# [Work request]
After reading the entries below, report how many lines have the string "that" in them, giving the number alone.

Top of Supplied records

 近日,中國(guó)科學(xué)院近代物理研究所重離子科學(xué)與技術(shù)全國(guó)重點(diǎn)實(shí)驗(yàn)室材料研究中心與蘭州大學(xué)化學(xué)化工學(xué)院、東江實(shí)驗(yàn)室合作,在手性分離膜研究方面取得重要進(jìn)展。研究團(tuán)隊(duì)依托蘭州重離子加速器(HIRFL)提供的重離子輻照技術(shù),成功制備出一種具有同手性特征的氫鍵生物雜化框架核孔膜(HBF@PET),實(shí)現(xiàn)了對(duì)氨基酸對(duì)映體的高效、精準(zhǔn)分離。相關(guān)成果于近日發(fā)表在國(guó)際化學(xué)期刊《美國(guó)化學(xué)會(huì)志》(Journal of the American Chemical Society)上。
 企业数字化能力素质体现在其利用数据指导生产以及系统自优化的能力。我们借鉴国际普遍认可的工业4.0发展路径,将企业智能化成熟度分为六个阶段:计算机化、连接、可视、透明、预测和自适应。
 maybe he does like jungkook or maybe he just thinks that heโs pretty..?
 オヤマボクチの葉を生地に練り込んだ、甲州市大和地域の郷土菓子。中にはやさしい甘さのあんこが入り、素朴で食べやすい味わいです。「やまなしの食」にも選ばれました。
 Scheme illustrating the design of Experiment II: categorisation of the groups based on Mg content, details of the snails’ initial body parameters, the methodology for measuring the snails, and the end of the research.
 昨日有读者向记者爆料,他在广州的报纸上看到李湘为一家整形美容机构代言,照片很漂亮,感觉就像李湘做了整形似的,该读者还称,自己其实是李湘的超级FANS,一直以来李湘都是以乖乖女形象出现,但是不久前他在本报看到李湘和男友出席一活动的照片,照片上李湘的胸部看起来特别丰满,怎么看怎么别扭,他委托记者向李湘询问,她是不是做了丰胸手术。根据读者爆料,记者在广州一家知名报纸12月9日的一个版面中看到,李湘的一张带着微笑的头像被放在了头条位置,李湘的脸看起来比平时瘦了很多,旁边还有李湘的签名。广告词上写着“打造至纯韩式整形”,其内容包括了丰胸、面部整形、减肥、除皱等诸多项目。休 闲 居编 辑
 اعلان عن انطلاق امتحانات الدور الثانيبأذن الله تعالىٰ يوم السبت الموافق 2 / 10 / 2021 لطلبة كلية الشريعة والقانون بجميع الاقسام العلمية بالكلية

Bottom of Supplied records
Top of Supplied records

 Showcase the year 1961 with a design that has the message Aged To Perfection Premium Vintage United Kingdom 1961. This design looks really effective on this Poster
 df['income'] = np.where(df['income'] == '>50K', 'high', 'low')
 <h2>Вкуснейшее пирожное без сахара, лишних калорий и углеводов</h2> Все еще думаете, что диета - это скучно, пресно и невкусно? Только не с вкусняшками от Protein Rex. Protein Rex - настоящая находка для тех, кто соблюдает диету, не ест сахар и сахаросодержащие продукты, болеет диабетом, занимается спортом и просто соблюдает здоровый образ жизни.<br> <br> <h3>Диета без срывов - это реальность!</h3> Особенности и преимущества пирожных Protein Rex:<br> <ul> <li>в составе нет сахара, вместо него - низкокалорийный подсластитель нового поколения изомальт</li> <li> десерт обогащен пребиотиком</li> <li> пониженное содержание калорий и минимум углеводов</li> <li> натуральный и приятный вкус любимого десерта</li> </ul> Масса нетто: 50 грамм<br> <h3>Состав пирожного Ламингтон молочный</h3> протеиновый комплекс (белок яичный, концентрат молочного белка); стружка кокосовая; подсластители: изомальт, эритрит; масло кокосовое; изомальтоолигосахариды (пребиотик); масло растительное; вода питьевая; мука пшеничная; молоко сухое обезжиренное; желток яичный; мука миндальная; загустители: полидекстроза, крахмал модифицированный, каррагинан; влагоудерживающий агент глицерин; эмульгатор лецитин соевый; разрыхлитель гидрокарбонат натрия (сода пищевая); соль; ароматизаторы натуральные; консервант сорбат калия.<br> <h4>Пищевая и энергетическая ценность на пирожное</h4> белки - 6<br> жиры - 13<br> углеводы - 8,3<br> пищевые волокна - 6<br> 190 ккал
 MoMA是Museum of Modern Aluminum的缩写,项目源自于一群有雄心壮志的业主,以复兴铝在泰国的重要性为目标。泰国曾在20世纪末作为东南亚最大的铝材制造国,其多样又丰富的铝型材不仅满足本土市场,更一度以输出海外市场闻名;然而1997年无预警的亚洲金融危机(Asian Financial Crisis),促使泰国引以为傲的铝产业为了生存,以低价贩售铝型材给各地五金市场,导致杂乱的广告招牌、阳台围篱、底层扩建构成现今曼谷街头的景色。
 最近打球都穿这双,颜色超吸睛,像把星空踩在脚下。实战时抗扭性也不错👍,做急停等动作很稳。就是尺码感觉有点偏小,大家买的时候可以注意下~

Bottom of Supplied records
Top of Supplied records

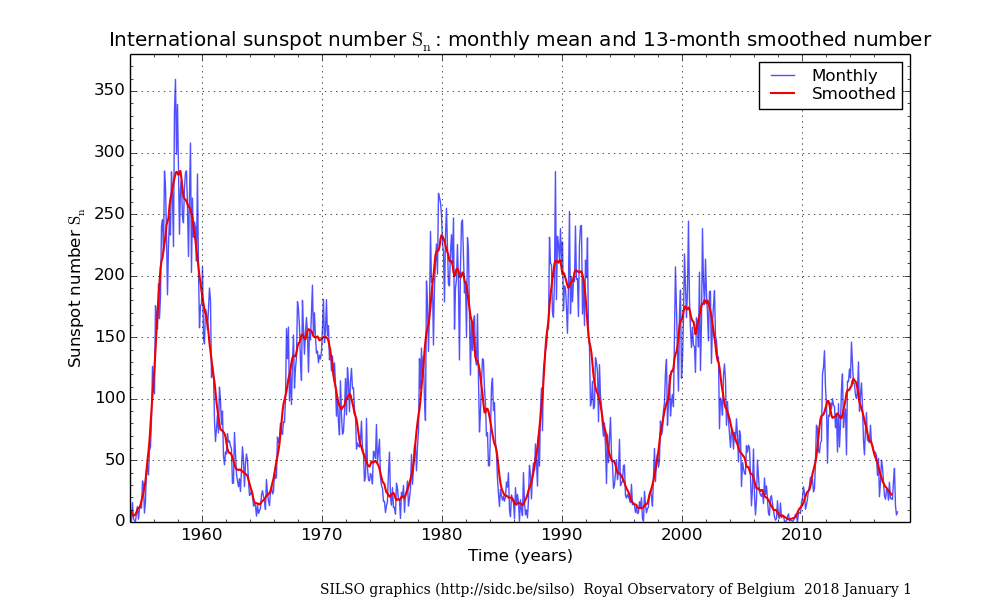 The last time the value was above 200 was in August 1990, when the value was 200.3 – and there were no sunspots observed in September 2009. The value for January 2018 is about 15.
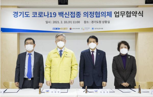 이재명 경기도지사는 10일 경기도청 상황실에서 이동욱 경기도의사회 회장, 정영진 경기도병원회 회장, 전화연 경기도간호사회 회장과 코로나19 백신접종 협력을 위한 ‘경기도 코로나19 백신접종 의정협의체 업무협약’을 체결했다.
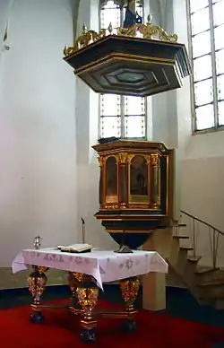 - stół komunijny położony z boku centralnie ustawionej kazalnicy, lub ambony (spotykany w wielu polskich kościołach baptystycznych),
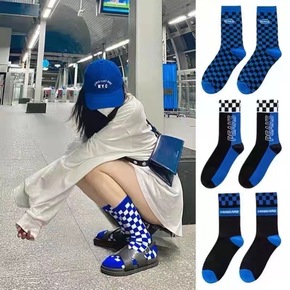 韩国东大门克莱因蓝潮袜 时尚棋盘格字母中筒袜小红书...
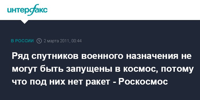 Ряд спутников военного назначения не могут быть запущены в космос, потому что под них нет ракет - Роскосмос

Bottom of Supplied records

# [Reply]
2